* **WORK TO COMPLETE**: In the listing that follows, the lines starting at the one containing "52小学刘敏老师主讲的毛笔书" and ending at the one containing "Le réservoir UB Pro Pod est" are to be returned exactly, both boundary lines included, and no others.

### THE INPUT

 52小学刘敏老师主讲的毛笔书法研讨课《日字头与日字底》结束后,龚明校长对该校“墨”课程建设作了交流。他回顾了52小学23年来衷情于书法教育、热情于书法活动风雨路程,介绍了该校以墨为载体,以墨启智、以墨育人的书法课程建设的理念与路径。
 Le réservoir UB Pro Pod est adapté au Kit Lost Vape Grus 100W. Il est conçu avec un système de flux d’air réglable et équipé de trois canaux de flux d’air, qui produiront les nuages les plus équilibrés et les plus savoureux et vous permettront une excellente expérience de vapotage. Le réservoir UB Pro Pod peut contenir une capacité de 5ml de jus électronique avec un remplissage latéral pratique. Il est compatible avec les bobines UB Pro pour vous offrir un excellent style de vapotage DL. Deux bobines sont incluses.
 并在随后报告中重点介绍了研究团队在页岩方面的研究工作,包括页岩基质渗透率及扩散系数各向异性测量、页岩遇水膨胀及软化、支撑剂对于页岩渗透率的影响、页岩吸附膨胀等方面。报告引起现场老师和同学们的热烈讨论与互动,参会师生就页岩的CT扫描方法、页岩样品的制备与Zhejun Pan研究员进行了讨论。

######
### THE INPUT

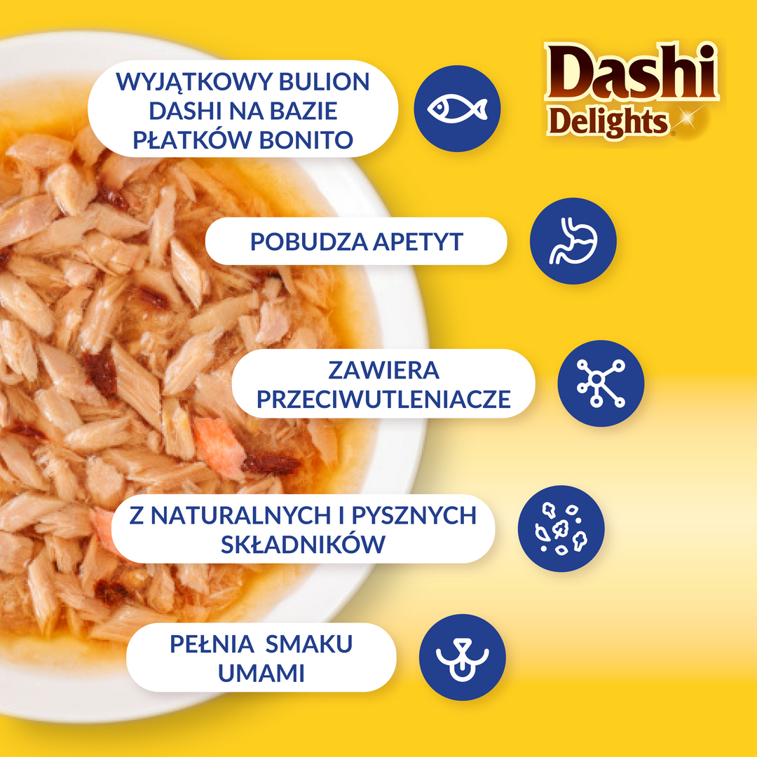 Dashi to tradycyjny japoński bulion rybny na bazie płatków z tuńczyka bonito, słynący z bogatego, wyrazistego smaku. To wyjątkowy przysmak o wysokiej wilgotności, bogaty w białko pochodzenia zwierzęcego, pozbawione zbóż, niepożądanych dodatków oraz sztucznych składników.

######

* **EXERCISE RESPONSE**:
 52小学刘敏老师主讲的毛笔书法研讨课《日字头与日字底》结束后,龚明校长对该校“墨”课程建设作了交流。他回顾了52小学23年来衷情于书法教育、热情于书法活动风雨路程,介绍了该校以墨为载体,以墨启智、以墨育人的书法课程建设的理念与路径。
 Le réservoir UB Pro Pod est adapté au Kit Lost Vape Grus 100W. Il est conçu avec un système de flux d’air réglable et équipé de trois canaux de flux d’air, qui produiront les nuages les plus équilibrés et les plus savoureux et vous permettront une excellente expérience de vapotage. Le réservoir UB Pro Pod peut contenir une capacité de 5ml de jus électronique avec un remplissage latéral pratique. Il est compatible avec les bobines UB Pro pour vous offrir un excellent style de vapotage DL. Deux bobines sont incluses.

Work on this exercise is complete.